YOUR TASK: The lines from the one holding "K18素材のブレスレットです" through the end of the records below are to be written out exactly, and nothing else; pictures are to be left out.

SUPPLIED RECORDS:
= = =
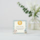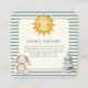 This adorable 'Books for Baby' enclosure card features a whimsical watercolor design with a smiling sun and a fluffy bunny, perfect for a baby shower. The soft blue and cream stripes create a cheerful backdrop, while the text gently asks guests to bring a book instead of a card, to be signed and cherished for years to come. It's a sweet way to build a treasured library for the new arrival, making this a unique and heartfelt addition to your baby shower invitations.
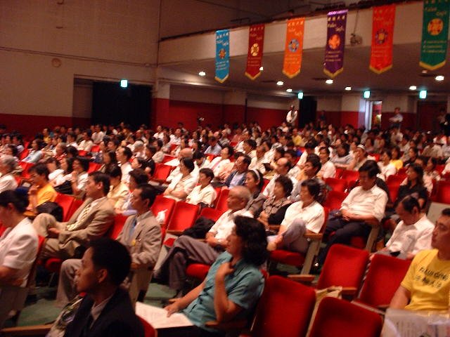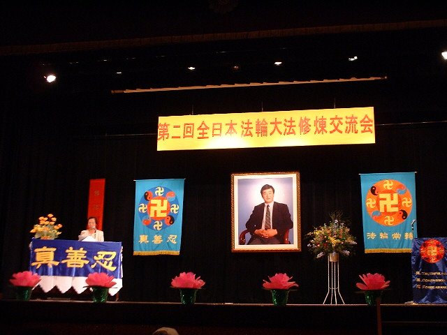 【明慧网2001年8月21日】8月19日天气晴朗,风和日丽。那天,日本第二届法轮大法心得交流会在东京都丰岛区公会堂举行。在日本时间早上6、 7、8点进行了周日的三次固定时间发正念活动之后,法会在9:30准时开始。会场正中悬挂着师尊的照片,两边是“法轮常转”、“佛法无边”的旗帜。
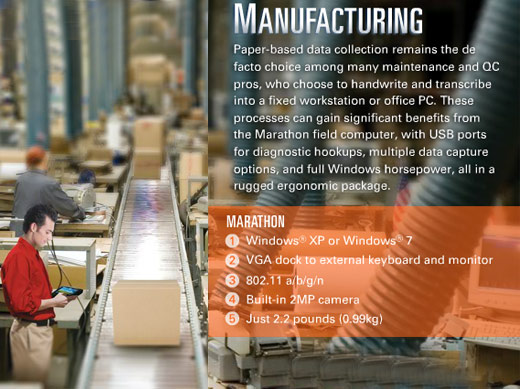 Marathon PCs are ideal gadget for mobile professionals. They enable you to take notes quickly and work in close spaces. Rugged Tablet PCs provide even more benefits for mobile professionals. Marathon is fully rugged and is certified for both military and industrial ruggedization standards.
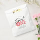 Ella es una dulce, con tema de rosquilla, primera fiesta de cumpleaños, bolsa de favores. Donut rosa puro con rociadores dorados, diseño moderno de tipografía rosa y negra.
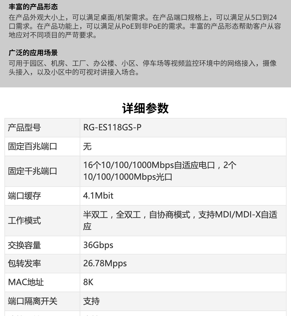 电脑外设  > 电脑整机  > 服务器  >  锐捷/Ruijie  >  锐捷(RUIJIE) )RG-ES118GS-P 16口 非网管交换机 监控安防专用交换机 (单位:台)
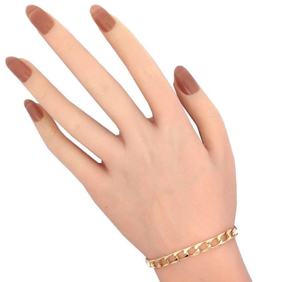 K18素材のブレスレットです。ひとつひとつのチェーンに程よい抜け感があり、ゴールドの輝きを引き立てながらも軽やかな印象に仕上げています。存在感がありながら上品で、幅広いスタイルに映える万能アイテムです。 |
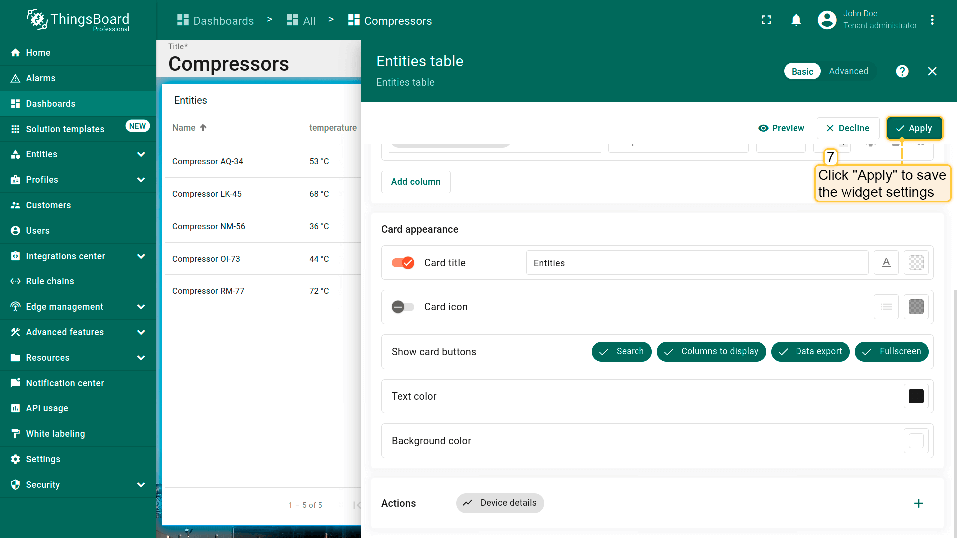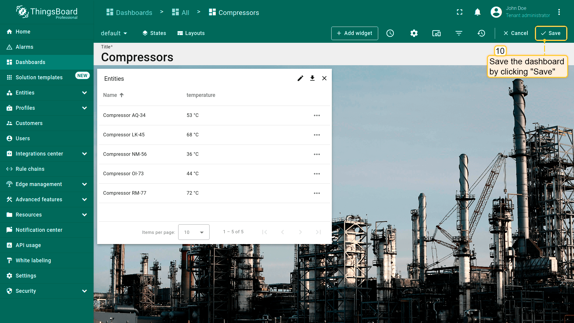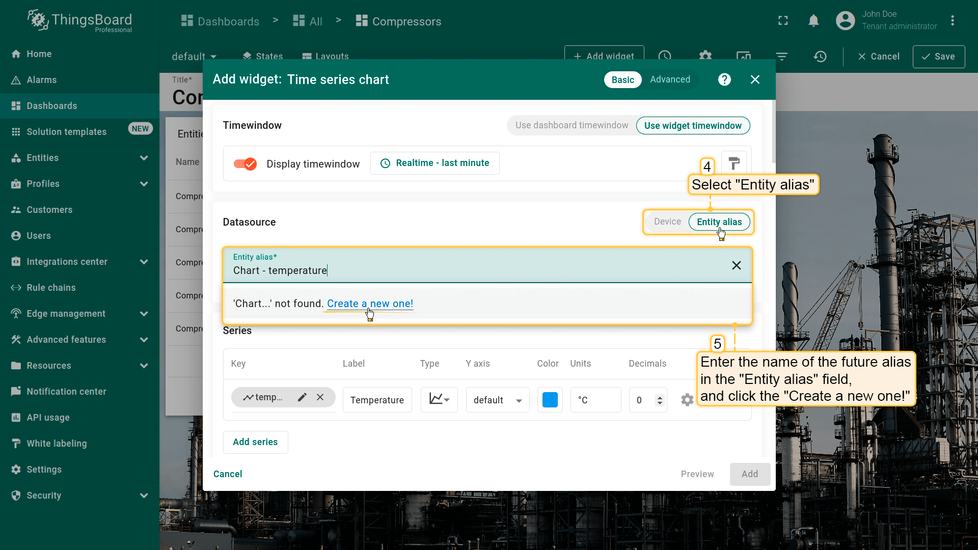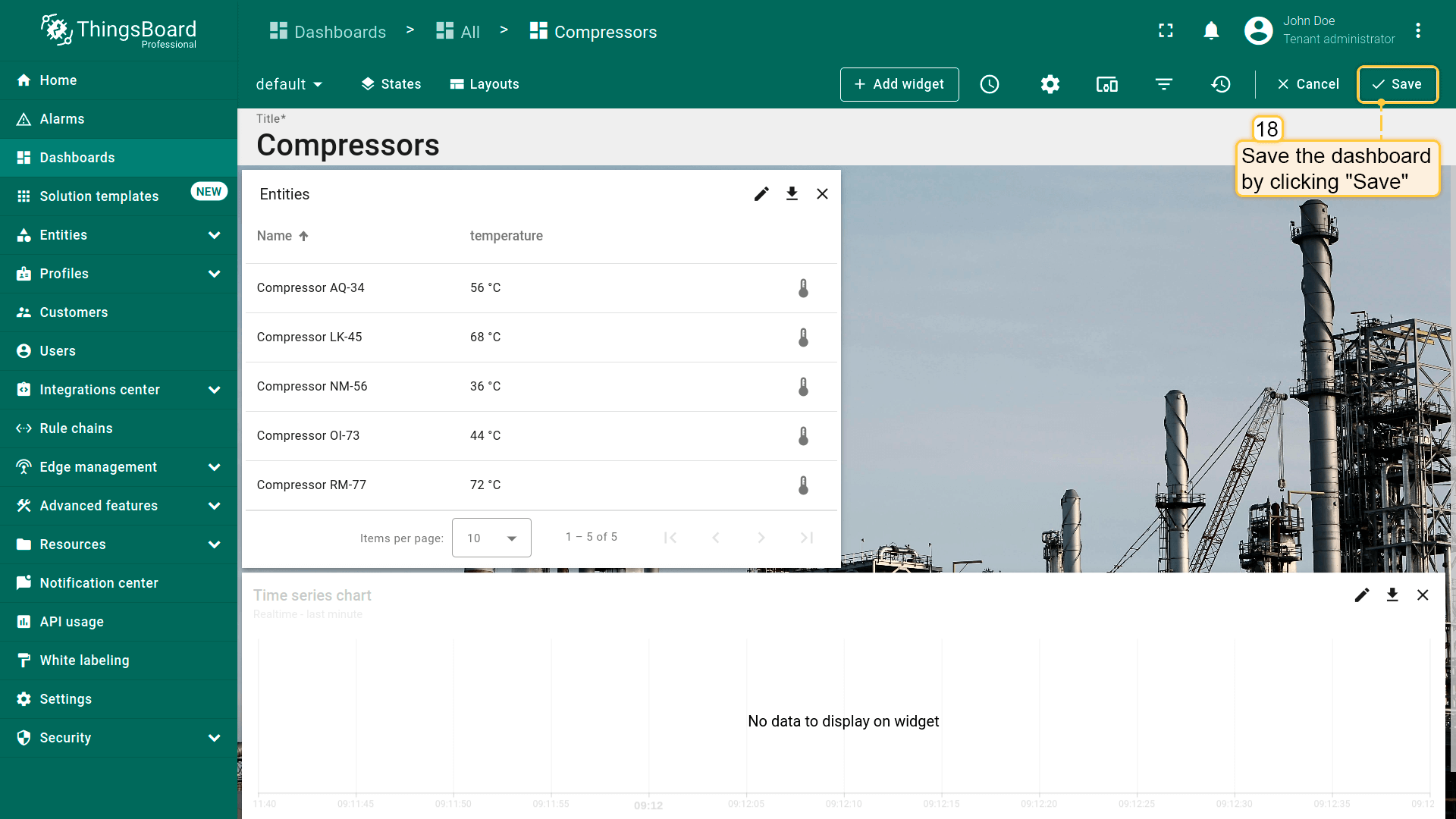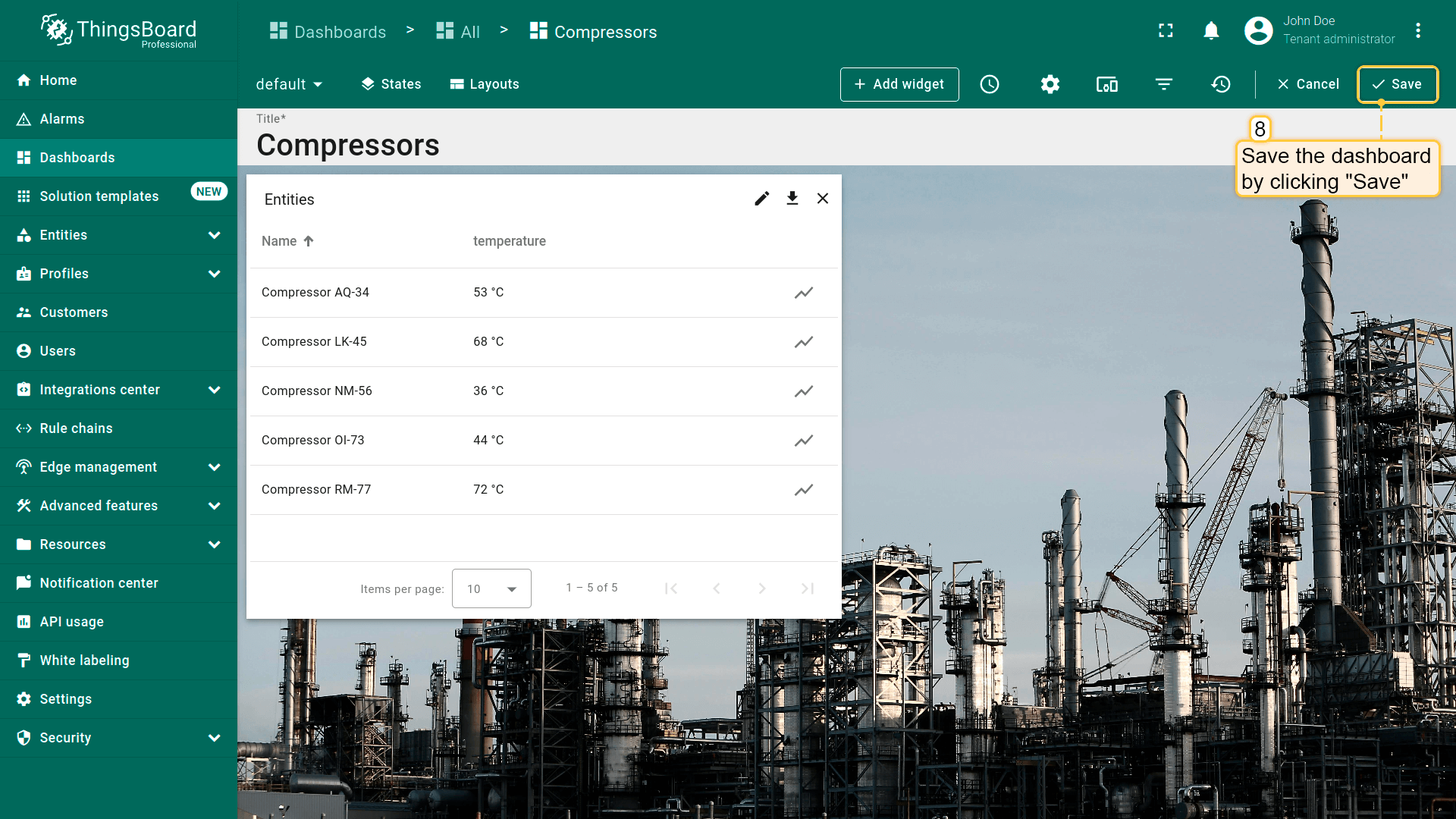- Replace the label of the "temperature" key with ${entityName}. Then, click "Add" to add new widget on the dashboard;
= = =
TASK SOLUTION:
 K18素材のブレスレットです。ひとつひとつのチェーンに程よい抜け感があり、ゴールドの輝きを引き立てながらも軽やかな印象に仕上げています。存在感がありながら上品で、幅広いスタイルに映える万能アイテムです。 |
- Replace the label of the "temperature" key with ${entityName}. Then, click "Add" to add new widget on the dashboard;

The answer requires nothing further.